■ **DATA EXTRACT**:

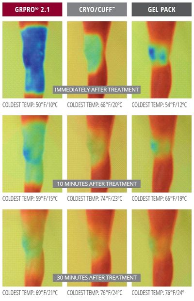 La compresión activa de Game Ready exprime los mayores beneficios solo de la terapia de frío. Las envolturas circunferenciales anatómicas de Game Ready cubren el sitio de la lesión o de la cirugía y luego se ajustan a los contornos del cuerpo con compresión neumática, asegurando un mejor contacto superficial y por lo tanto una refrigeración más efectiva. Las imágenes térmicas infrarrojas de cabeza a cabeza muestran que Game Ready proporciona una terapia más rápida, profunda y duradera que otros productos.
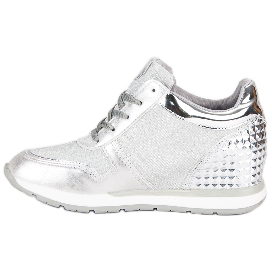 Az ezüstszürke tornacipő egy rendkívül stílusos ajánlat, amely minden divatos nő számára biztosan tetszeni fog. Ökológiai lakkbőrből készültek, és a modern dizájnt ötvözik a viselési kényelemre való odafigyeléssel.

--

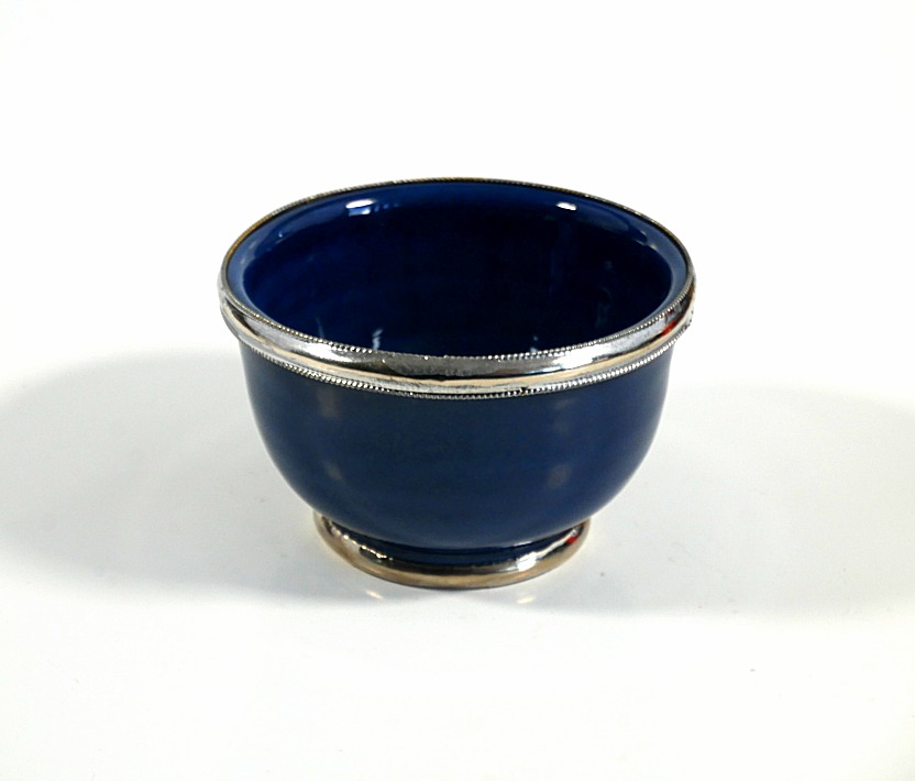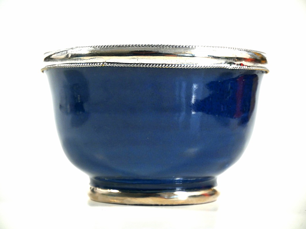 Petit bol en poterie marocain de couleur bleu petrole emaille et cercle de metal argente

■ **TASK BRIEF**:
Using the listing above, reproduce word for word every line from the one containing "La compresión activa" through the one containing "Az ezüstszürke tornacipő". Pictures must be left out.

■ **ANSWER BOX**:
 La compresión activa de Game Ready exprime los mayores beneficios solo de la terapia de frío. Las envolturas circunferenciales anatómicas de Game Ready cubren el sitio de la lesión o de la cirugía y luego se ajustan a los contornos del cuerpo con compresión neumática, asegurando un mejor contacto superficial y por lo tanto una refrigeración más efectiva. Las imágenes térmicas infrarrojas de cabeza a cabeza muestran que Game Ready proporciona una terapia más rápida, profunda y duradera que otros productos.
 Az ezüstszürke tornacipő egy rendkívül stílusos ajánlat, amely minden divatos nő számára biztosan tetszeni fog. Ökológiai lakkbőrből készültek, és a modern dizájnt ötvözik a viselési kényelemre való odafigyeléssel.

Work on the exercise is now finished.